Updating is still a bit of a pain point, because I still just scale everything to 1 replica to make sure my traffic hits the same pod every time. I am planning on investigating some sort of "sticky routing" with cookies or alternative hostnames so that I can target a specific pod without compromising the performance of the entire service. As of right now, that's still a future improvement, however.

Regarding point #2 above, I am additionally considering building a small Nextcloud plugin which would let me trigger the update script from the Admin UI, thereby eliminating the need to manually exec into a pod. Again, as of right now, this is only a theoretical future endeavour.

These very simple little scripts are what made all the difference for me, and were the final piece of the puzzle that allowed me to deploy Nextcloud with confidence.

Stage Three: Minio Gateway

The move from the official Nextcloud Docker images to my own Alpine-based image provided a noticable improvement in performance. Intoxicated by this unexpected gain, I then looked at other improvements that could be made. One such change, which I am now running in production, is Minio Gateway.

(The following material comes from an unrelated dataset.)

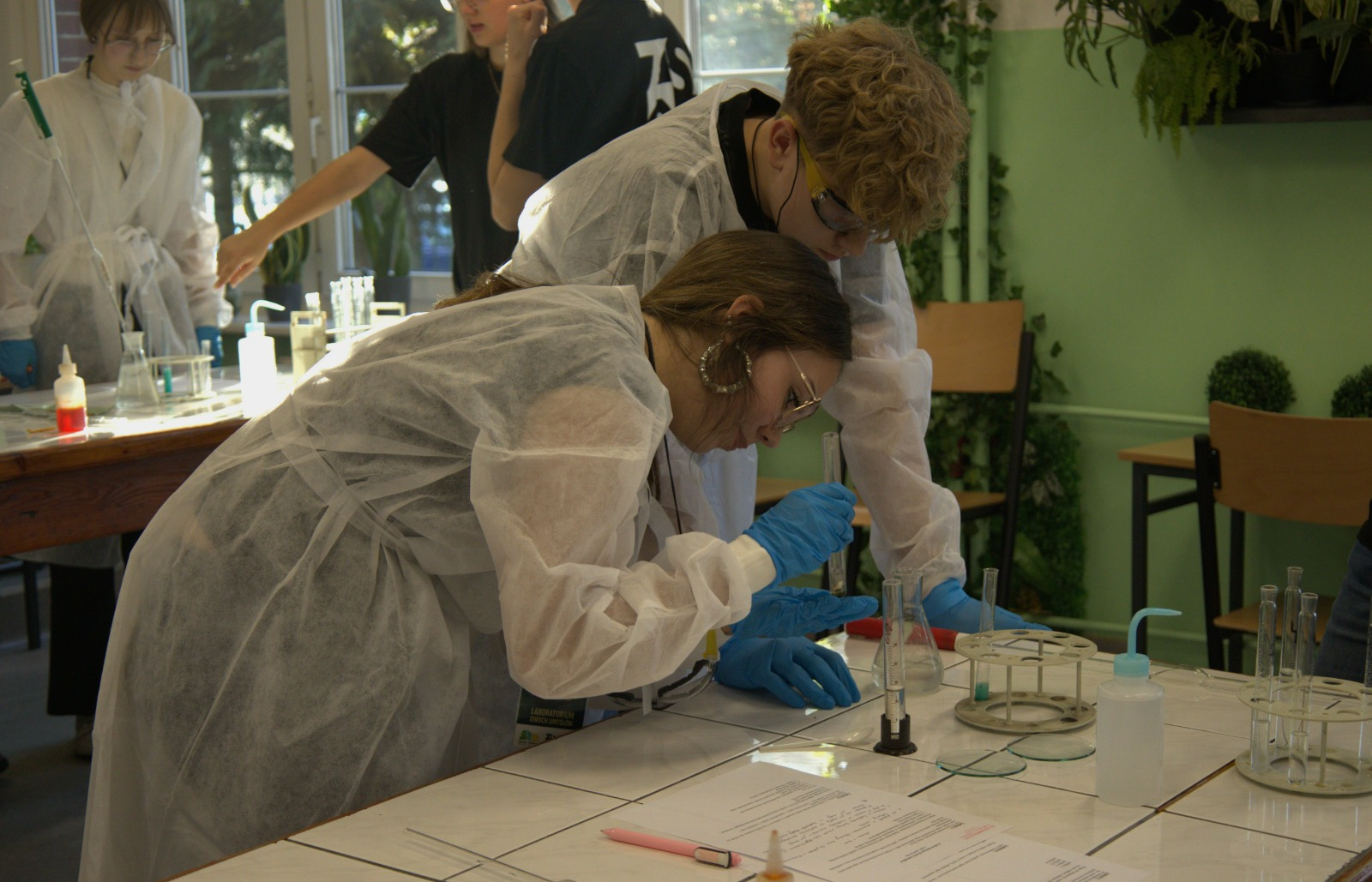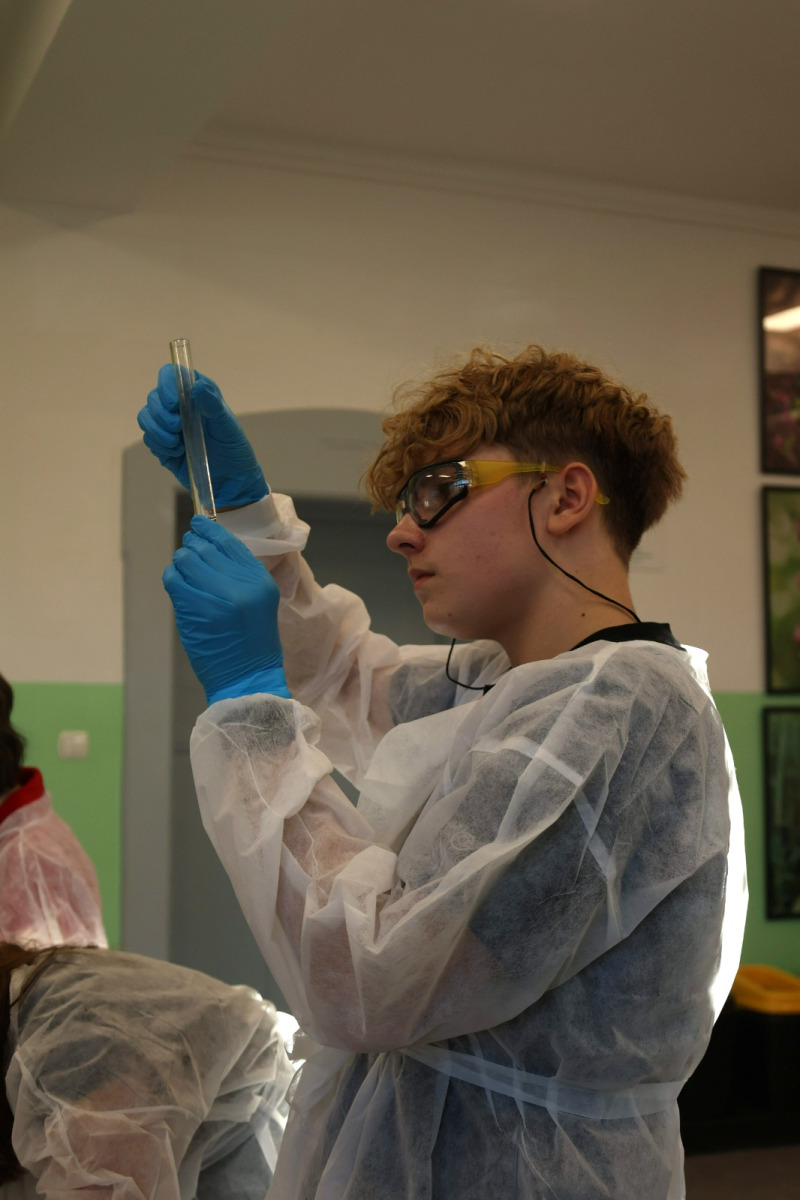 Do części praktycznej, która odbyła się w Zielonej Pracowni – miejscu stworzonym z myślą o bezpiecznym i inspirującym eksperymentowaniu – mogło awansować tylko sześć najlepszych drużyn. Zakwalifikowane zespoły stanęły przed prawdziwym wyzwaniem: chemią laboratoryjną – wymagającą precyzji, uważności i umiejętności praktycznego wykorzystania wiedzy.

Minio Gateway for S3 can be configured to store local caches of objects, which can dramatically increase performance on heavy workloads such as Nextcloud. It also can lead to lower transfer costs, as hot objects served from the cache don't have to be repeatedly downloaded from S3, which can become expensive.

Currently, Minio Gateway is running alongside Nextcloud in the same Kubernetes namespace, and is only available internally. Right now, I am taking advantage of the somewhat-generous temporary disk provided on the Kubernetes nodes I am running, and am mounting a temporary emptyDir into Minio's container. Since this data is ephemeral and its performance is not critical to running the app, the potential limits of temporary storage and the potential loss of the cache is unimportant. This gives me approximately 70GB of space to work with, which is plenty.

Minio Gateway has a few other features that I have not yet experimented with, but plan to in the future. Namely, it can provide S3-compliant access to non-S3 object storage such as GCS or Azure Storage -- this means I am finally decoupled from AWS and can mirror or lift-and-shift my Nextcloud data to any object storage service supported by Minio Gateway, and have to change very little on the Nextcloud side.

... Profit?

Now that everything is working and has been running smoothly for a while, I have been reaping the benefits. Nextcloud has been operating faster than it has ever been, and my trust in it has strengthened greatly.

This new "decoupled" infrastructure also has helped to simplify and hone my backup strategies and disaster recovery scenarios, as all important data -- including configuration and the webroot -- can just be cloned from object storage to an off-site location.

This also means I have reached the point where I can redeploy the service to any Kubernetes cluster in seconds, and restore the data to any object storage backend supported by Minio Gateway (I plan to document my DR strategies in a future article).

I have always hesitated to commit fully to Nextcloud, simply because of how difficult it is to scale long-term without a multi-million dollar NetApp SAN. This collection of Docker containers, shell scripts, and object storage buckets now has now solved my concerns around scaling and performance, and I have never felt more confident about its resiliency.

That said, I still have at least four backups at all time, in three different locations, and in two different formats. Just in case. I am confident, not foolish.